Le Parquet de Port-au-Prince fait appel tardivement de l’ordonnance rendue dans l’affaire du trafic d’armes et de munitions impliquant l’Eglise Episcopale d’Haïti…

Des armes saisies dans un container dedouane...

PORT-AU-PRINCE, jeudi 12 octobre 2023– Le commissaire du gouvernement de Port-au-Prince, Me Jean Elder Guillaume a interjeté appel de l’ordonnance rendue par le juge d’instruction Martel Jean-Claude dans le cadre du dossier de trafic illicite d’armes à feu et de munitions impliquant l’Eglise Episcopale d’Haïti (EEH).

L’ordonnance a envoyé hors des liens de l’inculpation tous les prêtres et employés de, aucune charge n’étant retenue contre eux.

Elle a également révélé que la franchise de l’Église Épiscopale d’Haïti a été falsifiée par des fonctionnaires de l’État en poste au Ministère de l’Économie et des Finances agissant de concert avec un réseaux de faussaires qui, eux, sont renvoyés par devant le tribunal siégeant avec assistance de jury pour y être jugés.

Cependant, l’appel du commissaire du gouvernement semble avoir peu de chance d’aboutir compte tenu de certaines irrégularités relevées dans cette démarche.

Contacté par RHINEWS à ce sujet, l’un des avocats de l’EEH, Me Samuel Madistin a confié que le délai légal imparti au commissaire du gouvernement pour interjeter appel d’une ordonnance du juge d’instruction est d’un (1) jour franc (3 jours ordinaires) à partir de la date de réception du dossier du greffier du juge d’instruction.

A l’expiration de ce délai on a constaté dans le registre destiné à la réception de déclaration d’appel des ordonnances que le parquet n’a pas interjeté appel. On a demandé au greffier un certificat attestant qu’il n’y a pas d’appel du parquet. Le greffier a donné rendez-vous aux avocats pour venir prendre le certificat, ont souligné Madistin et un autre membre du conseil de la défense de l’EEH, qui a requis l’anonymat.

Le délai dont disposait le commissaire était épuisé le 4 octobre dernier, l’ordonnance lui ayant été communiqué formellement le 2 octobre 2023.

Selon le constat requis par les avocats de la défense, ‘‘jusqu’au mercredi 11 octobre il n’y a toujours pas eu d’appel dans le registre destiné à recevoir les déclarations d’appel et le greffier a dit qu’il y a une déclaration d’appel qui est faite mais dans le registre destiné aux formalités pour la prestation de serment.’’

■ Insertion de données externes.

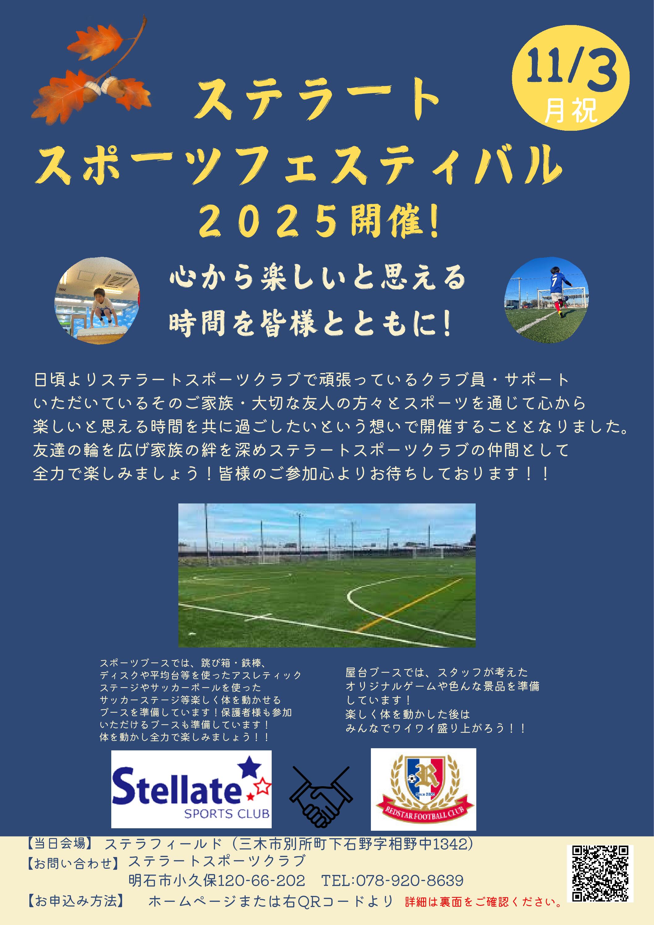 令和7 年8 月12 日( 火) 〜8 月16 日(土 ) の期間につきましては、ステラートスポーツクラブ・REDSTAR FC 共に夏期休業となります。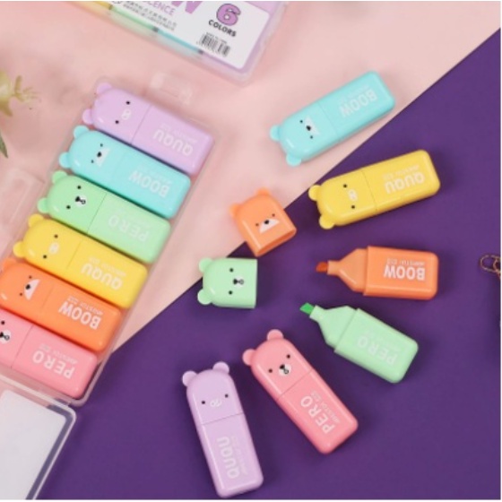 Mini Cute Bear Highlighter Kawaii 4/5/6 Colors Drawing Painting Art Marker Pen School Sup

‘‘Faite dans la précipitation et apparemment sous pression, la déclaration d’appel du parquet a été reçue sur une mauvaise forme, ce qui, légalement devrait contribuer à la rendre invalide et irrecevable’’, selon l’autre source.

« Comme il est difficile d’antidater une déclaration dans le registre de déclarations d’appel parce qu’on reçoit tellement de déclarations régulièrement, il est plus facile d’antidater une déclaration dans le registre de prestation de serment puisque ce registre est utilisé occasionnellement », a déclaré Me Madistin.

‘‘Pourquoi tout ça ? S’interroge l’avocat, précisant que le délai du commissaire du gouvernement pour interjeter appel étant très court. Ce délai est probablement épuisé quand le commissaire a reçu les instructions de son gouvernement pour interjeter appel dans le but de ne pas libérer les détenus’’, a-t-il ajouté.

Cependant, l’homme de loi souligne que ‘‘même si l’appel est irrégulier, c’est aux juges de la cour d’appel de le déclarer irrecevable. Les gens vont rester en prison en attendant l’arrêt de la Cour d’appel.  Les inculpés vont rester plus longtemps’ en prison par décision du gouvernement à travers son commissaire du gouvernement en violation de la loi’’, a déploré Me Madistin.

Il a fait remarquer que même dans la déclaration du greffier par devant le juge de paix qui a constaté qu’il n’y a pas d’appel, déclaration faite en présence du doyen du tribunal il a dit que le commissaire s’était pressé devant lui le mercredi 3 octobre pour faire sa déclaration d’appel. Or, mercredi était 4 octobre, date a laquelle le délai légal était complètement épuisé, a-t-il insisté.

« Tout ceci démontre les manipulations du pouvoir politique dans le cadre de ce dossier alors que ce sont des fonctionnaires de l’Etat du ministère de l’économie et des finances qui ont falsifié les documents de l’église pour monter ce dossier d’après ce que l’instruction a révélé », a déclaré Samuel Madistin.